Бернгард все еще стоял неподвижно… Сильвия? «Маленькое, безобразное существо», «жалкое создание», жизнь которого оберегали, как слабо мерцающий огонек, и вдруг! Перед ним стояла стройная девушка в белом батистовом платье. Из-под маленькой дорожной шляпки густой волной падали иссиня-черные волосы, на фоне которых еще больше бросалась в глаза белизна ее кожи. Черты лица, легкий румянец на щеках, тонкие темные брови — все было таким нежным, каким бывает только в ранней молодости, когда девушка напоминает полураспустившийся бутон. Это лицо с первого взгляда притягивало как магнит. Трудно было сказать, в чем именно заключалась его прелесть, но его чары действовали неотразимо. Из-под длинных черных ресниц смотрели большие загадочные глаза. Они были неопределенного цвета: иногда казались матово-голубыми, иногда — глубокими темно-серыми; их взгляд был какой-то затуманенный, и, тем не менее, в нем как будто таился страстный огонь. Эти глаза ничуть не гармонировали с лицом девятнадцатилетней девушки; в них не было и следа наивности и безмятежного спокойствия молодости, но они были невыразимо прекрасны.

Молчание Бернгарда продолжалось всего несколько мгновений; он выпрямился и ответил:

— В самом деле, я не узнал бы тебя. Тебя не было в Берлине, когда я приезжал в последний раз; мы не виделись больше шести лет.

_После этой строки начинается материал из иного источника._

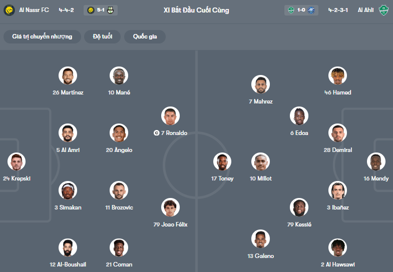 Đội hình dự kiến Al Nassr vs Al Ahli:
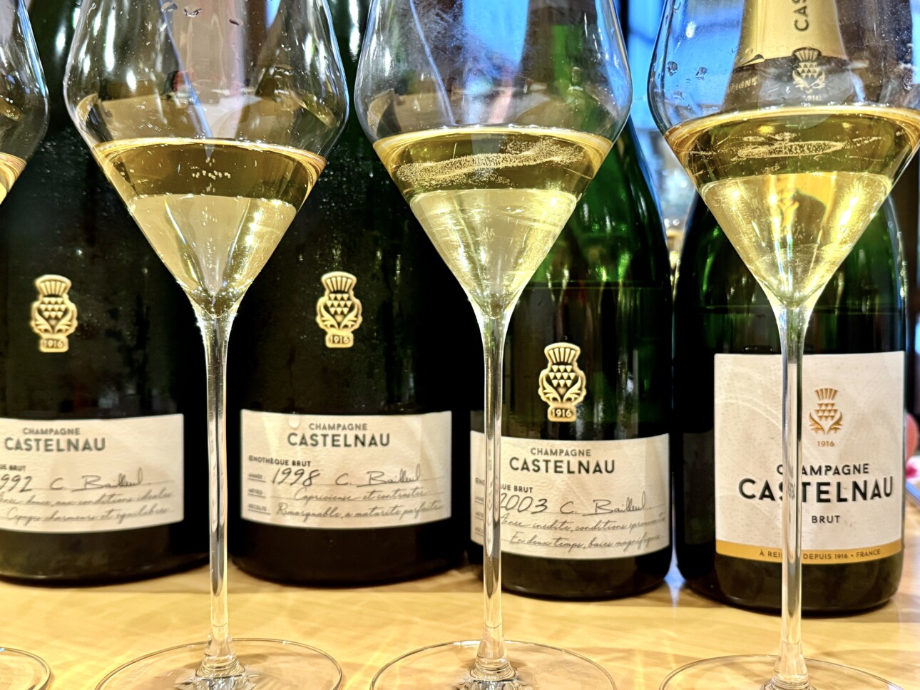 Pour Carine Bailleul, le millésime 2003, année chaude par excellence, a été une leçon fondatrice : la maturité des raisins et les polyphénols ont influencé directement la capacité de garde. Face à l’impact du changement climatique, elle défend une adaptation fine : vendanges plus précoces, dosages bas, introduction progressive de vins sans fermentation malolactique pour préserver la fraîcheur, tout en travaillant en collaboration constante avec la recherche. Le collectif est au cœur de la démarche Castelnau. Cette vision trouve également son aboutissement dans l'Œnothèque, mémoire vivante de la maison. Castelnau a conservé des vins de presque toutes les vendanges depuis 1961, y compris ceux non millésimés. Conservées sur pointe, non dégorgées, ces bouteilles sont pilotées par la perméabilité des capsules et dégorgées tardivement, à la demande, afin « d'encapsuler le temps ».

— Тогда я была еще больным ребенком, не выносившим ни свежего воздуха, ни солнца. — По лицу Сильвии пробежала печальная тень, но она сразу же опять улыбнулась. — Теперь это прошло.

— Да, в конце концов, доктора оказались правы, сказал Гоэнфельс, взгляд которого с нескрываемой родительской гордостью был устремлен на красавицу-дочь. — Я считал это простой отговоркой с их стороны, желанием пощадить родителей, когда они утешали нас, обещая в будущем полное выздоровление. Еще в пятнадцать лет Сильвия была больным, требующим неустанных забот ребенком, за которого мы постоянно боялись, и вдруг начала расцветать, и на наших глазах произошло чудо. Курт, тебя придется снова представить; хоть ты и бывал на каникулах больше в Гунтерсберге, чем в родительском доме, но в форме ты должен казаться совершенно другим твоей бывшей подруге детских лет.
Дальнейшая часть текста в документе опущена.